Hey Lady! No Worries!
Amber:
This is our goofy kids horse Seven who is about 20 years old. He is quite the horse. He was used in a hunting outfit before we got him four years ago. He was ridden hard and I could tell that’s all he really knew before he came to us. He was to be my steady mount after I had a bad horse accident and broke all the bones in my foot. Very quickly he became very lame. So lame that he couldn’t stand up at times. After healing him up well enough I hauled him one and a half hours to the next town for x-rays. They couldn’t quite make out what the issue was but knew it was in his stifle which is sort of like the knee. He may be able to pack children around but likely not adults anymore. He may even need to be put down.
I spent quite a bit of time helping to heal this horse who really didn’t much like people. He constantly pinned his ears at us threatening us and he never wanted to be petted. His only interest was food. After four months he started to improve and by six months was being ridden gently by the kids. He learned to tolerate his pets and started to warm up to us.
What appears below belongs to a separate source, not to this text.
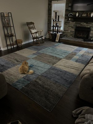 Love this rug. All the different shades of colors helps to match any house. We bought the gripper pad to put under the rug so it isnt moving around our LVP floors too much. Its low pile that makes it easy for me, an elderly lady, to move around, yet soft enough the dog likes it. It didn't smell too bad of chemicals when i unwrapped it. I let is sit in a spare room with fan for a few days and it was fine when moved to my living room.

He has been lame on and off for the past two years. He goes from very lame to totally normal. He gets massages which he pretends to hate and he has become one heck of a kids horse. He would do anything for my kids and has won them a ton of ribbons.
The reason I am telling you this is that I tend to constantly watch and search for him to misstep. I am always worried that he won’t be there for my kids one day as we have lost two horses and two dogs in the past year. I want to stop this behavior. I want to expect him to be healthy. I do not want to create a problem where there isn’t one. I believe our minds are super powerful and I believe that the horses know exactly what we are thinking. I don’t want him to feel my worry anymore.
Just recently he became very sore and I panicked. I wondered how we would get through the Summer without him. I created a huge mess. I talked too much about the worst case scenario. Guess what? Today I booked him in to a different vet and I instantly relaxed somewhat. Within an hour he was quite a bit better and within ten minutes of loading him in to the trailer to head to the vet I started to wonder why we were even going. He was hardly limping at all. I tried to explain to the vet what he was doing but the vet couldn’t really come up with much as there wasn’t much to look at. I went home so relieved. I had no answers but what I did know is that for about the tenth time this horse completely turned himself around. Clearly I need to expect that he will be fine and healthy. That is what he is wanting from me.
Adrienne:
Oh I love reading this! That was one of my first “communications” with Daniel. When I first started visiting for “horse lessons”, I wanted to brush the horse that needed the most love. “Which one needs the most love?”I asked. Dan. Definitely. He had never had his own person to love and care for him. My heart was huge. That’s my job – to love – and so I wanted to give all of that to Dan. He needed it!
After a couple of months of visiting him weekly, the animal “communicator” let me know that Daniel had told her I was his person. He’d decided I was his person. She said he’d never had a person, and that this was a very clear communication from him. I was the one.
I mean, the honour. To be chosen, after 30+ years of him being personless… well, I had a lot of time to make up for! Instantly, I jumped into action.
On our first visit after I had been told that, I just instinctively went over every inch of him – check, check, re-check. Any tics? Any spots? Any bites? Any subluxated ribs? Any rashes? Of course I found a bug bite. My fingertip found it, and I dropped into (psycho) practitioner mode, moving all the hair out of the way. Was it a bite? Was it a mole?
He bolted away from me, huffing.
That was the very first communication I felt from him. It was not love. It was not connection. It was “piss off; you’re not here to fuss and pick at bug bites. You are here to be friends. I am not a project.”
HUGE. I felt it in my teeth.
To this day, a year later, I am not allowed to worry or fuss. Love only. It has been a brand new experience!
Last week in fact, he had some blood dripping onto his foot (the only white one; imagine my terror) and I couldn’t find the source. My friend was away, and not available to check him out immediately.
I had to follow the calm and the no-worry policy he had demanded initially. It was amazing to feel the difference in the ease of that a year later. I made the appropriate phone calls, and waited for the appropriate responses.
Yup. Bug bite! It was all me! I swear he stuck his white foot out to get bitten just to test me!
I’m SO glad Seven is OK. He’s so beautiful. What an amazing thing he is for you, and for me too! Reading this, I know that’s really true, what Dan has offered for me: a no-worry policy. Feels amazing.